The expression (char*)&a casts it to the address of a single byte.
And finally *( (char*)&a ) gets the value contained by that address.
take the address of a
cast it to char*
dereference this char*, this will give you the first byte of the int
check its value - if it's 1, then it's little endian. Otherwise - big.
Assume sizeof(int) == 4, then:
|........||........||........||........| <- 4bytes, 8 bits each for the int a
| byte#1 || byte#2 || byte#3 || byte#4 |
When step 1, 2 and 3 are executed, *( (char*)&a ) will give you the first byte, | byte#1 |.
Then, by checking the value of byte#1 you can understand if it's big or little endian.

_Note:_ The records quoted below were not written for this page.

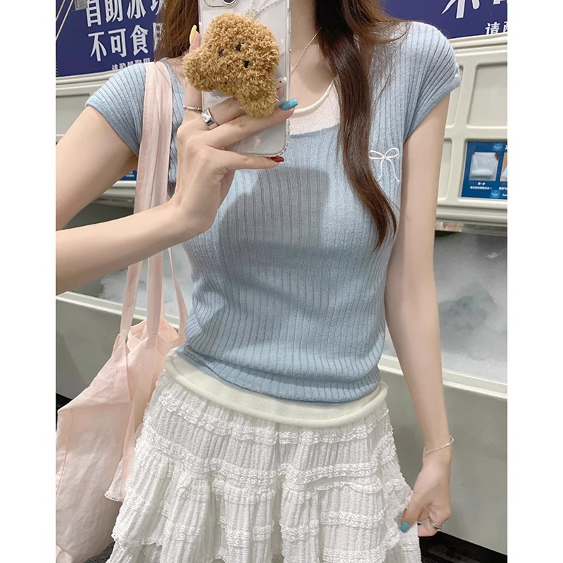 蝴蝶结刺绣短袖t恤女夏季新款修身显瘦拼色坎肩圆领别致上衣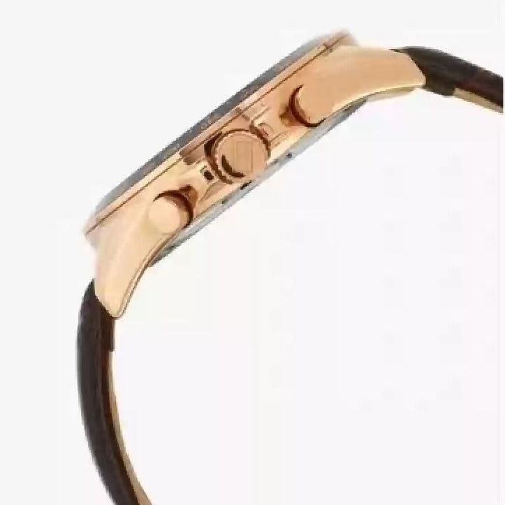 Rose gold-tone stainless steel case with a brown leather strap. Fixed rose gold-tone bezel with blue top ring showing tachymeter markings. White dial with luminous rose gold-tone hands and index hour markers. Arabic numeral marks the 12 o'clock position. Minute markers around the outer rim. Dial Type: Analog. Luminescent hands and markers.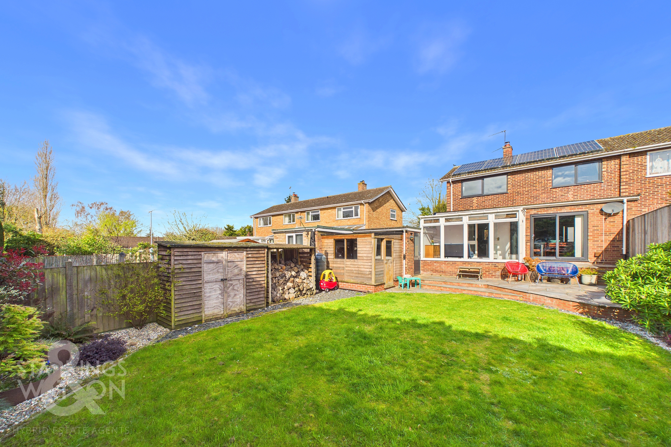 Enjoying an ENVIABLE POSITION OVERLOOKING a COMMUNAL GREEN, this EXTENDED SEMI-DETACHED HOME offers approximately 1273 sq. ft (stms) of beautifully presented accommodation, perfectly suited to MODERN FAMILY LIVING. The welcoming hall entrance features practical BUILT-IN STORAGE, leading through to an IMPRESSIVE 19' OPEN PLAN SITTING/DINING ROOM, flooded with natural light courtesy of wide patio doors that open directly onto the rear garden. The adjacent 18' KITCHEN is thoughtfully designed, providing generous worktop space and cabinetry, with a versatile INNER HALL/STUDY AREA and convenient W.C. The property further benefits from a 12' CONSERVATORY with FULL HEIGHT WINDOWS and FRENCH DOORS, seamlessly blending indoor and outdoor living. Upstairs, THREE well-proportioned BEDROOMS await, all serviced by a STYLISH FAMILY BATHROOM complete with ATTRACTIVE TILING and a contemporary RAINFALL SHOWER. Additional highlights include INCOME GENERATING SOLAR PANELS, enhancing the home’s efficiency and appeal. The rear garden is FULLY LANDSCAPED, beginning with a generous patio area that flows directly from both the conservatory and sitting room, creating the perfect environment for alfresco dining and entertaining. Stepping down, a lush lawn is framed by mature planting and shrubbery, with TIMBER PANEL FENCING and dense hedging along the rear boundary ensuring a HIGH DEGREE OF PRIVACY. At the far end of the garden, a second patio seating area provides a tranquil retreat, accompanied by a TIMBER BUILT STORAGE SHED, handy LOG STORE, and a DEDICATED WORKSHOP for hobbies or additional storage. The GARAGE is equipped with an ELECTRIC ROLLER DOOR, side access, power, and lighting,

The program just reinterprets the space taken up by an int as an array of chars and assumes that 1 as an int will be stored as a series of bytes, the lowest order of which will be a byte of value 1, the rest being 0.

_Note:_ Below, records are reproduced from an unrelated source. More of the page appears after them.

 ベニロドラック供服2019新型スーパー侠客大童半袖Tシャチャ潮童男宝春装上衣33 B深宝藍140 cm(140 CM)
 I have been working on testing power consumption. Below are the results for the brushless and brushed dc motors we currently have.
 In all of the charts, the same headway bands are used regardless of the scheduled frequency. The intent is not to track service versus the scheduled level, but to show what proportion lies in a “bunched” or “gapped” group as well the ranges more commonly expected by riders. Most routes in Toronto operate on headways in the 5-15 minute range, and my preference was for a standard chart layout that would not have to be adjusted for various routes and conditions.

So if the lowest order byte occurs first, then the platform is little endian, else its big endian.
These assumptions may not work on every single platform in existance.

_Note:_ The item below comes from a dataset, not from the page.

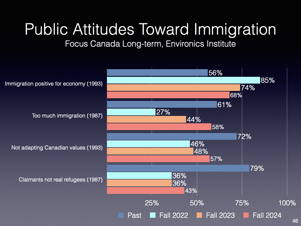 Clear continuing signs of an inflection point in attitudes, reflecting overly high levels of permanent residents and out of control temporary (students, foreign workers) along with impact on housing availability and affordability.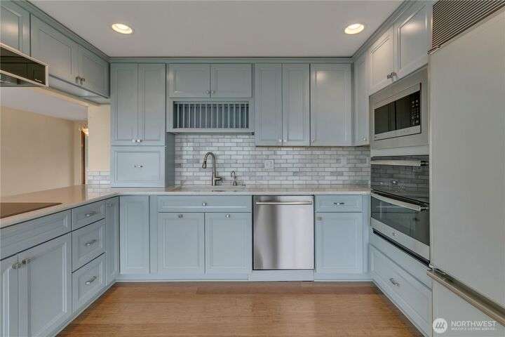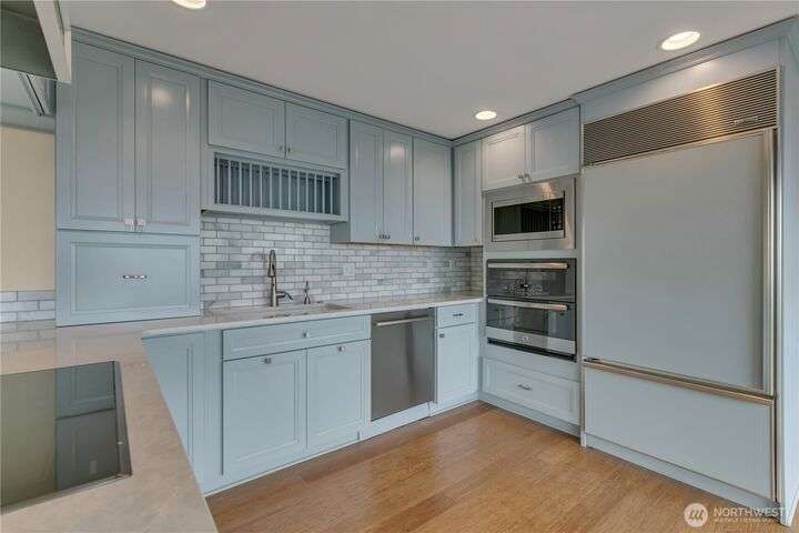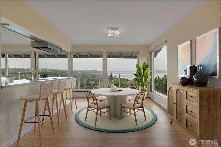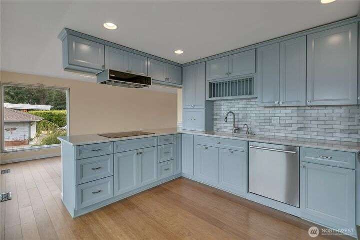 Looking for unobstructed views of Puget sound, Mt Rainier & Territorial views as far as the eye can see, this is it! Upon entry of the main floor you will find a nice living space, dining area, beautiful updated kitchen featuring new stylish cabinets, quartz countertops & built in appliances, family room w/gas fireplace & half bath. The bamboo flooring compliments this level. Notice those evening sunsets. The lower level offers a primary suite w/private bath, walk-in closet & an additional view deck for relaxing. Two additional bedrooms, full bath & laundry space complete this floor. Looking for a shop? See the daylight basement/shop for arts & crafts, or maybe more storage. Located on a nicely landscaped lot. Lot A beach rights are a plus…

a = 00000000 00000000 00000000 00000001
^ ^
| |
&a if big endian &a if little endian
00000000 00000001
^ ^
| |
(char*)&a for BE (char*)&a for LE
*(char*)&a = 0 for BE *(char*)&a = 1 for LE
Here's how it breaks down:
a -- given the variable a
&a -- take its address; type of the expression is int *
(char *)&a -- cast the pointer expression from type int * to type char *
*((char *)&a) -- dereference the pointer expression
*((char *)&a) == 1 -- and compare it to 1
Basically, the cast (char *)&a converts the type of the expression &a from a pointer to int to a pointer to char; when we apply the dereference operator to the result, it gives us the value stored in the first byte of a.
*( (char*)&a )
In BigEndian data for int i=1 (size 4 byte) will arrange in memory as:- (From lower address to higher address).
00000000 -->Address 0x100
00000000 -->Address 0x101
00000000 -->Address 0x102
00000001 -->Address 0x103
While LittleEndian is:-
00000001 -->Address 0x100
00000000 -->Address 0x101
00000000 -->Address 0x102
00000000 -->Address 0x103
Analyzing the above cast:-
Also &a= 0x100 and thus
*((char*)0x100) implies consider by taking one byte(since 4 bytes loaded for int) a time so the data at 0x100 will be refered.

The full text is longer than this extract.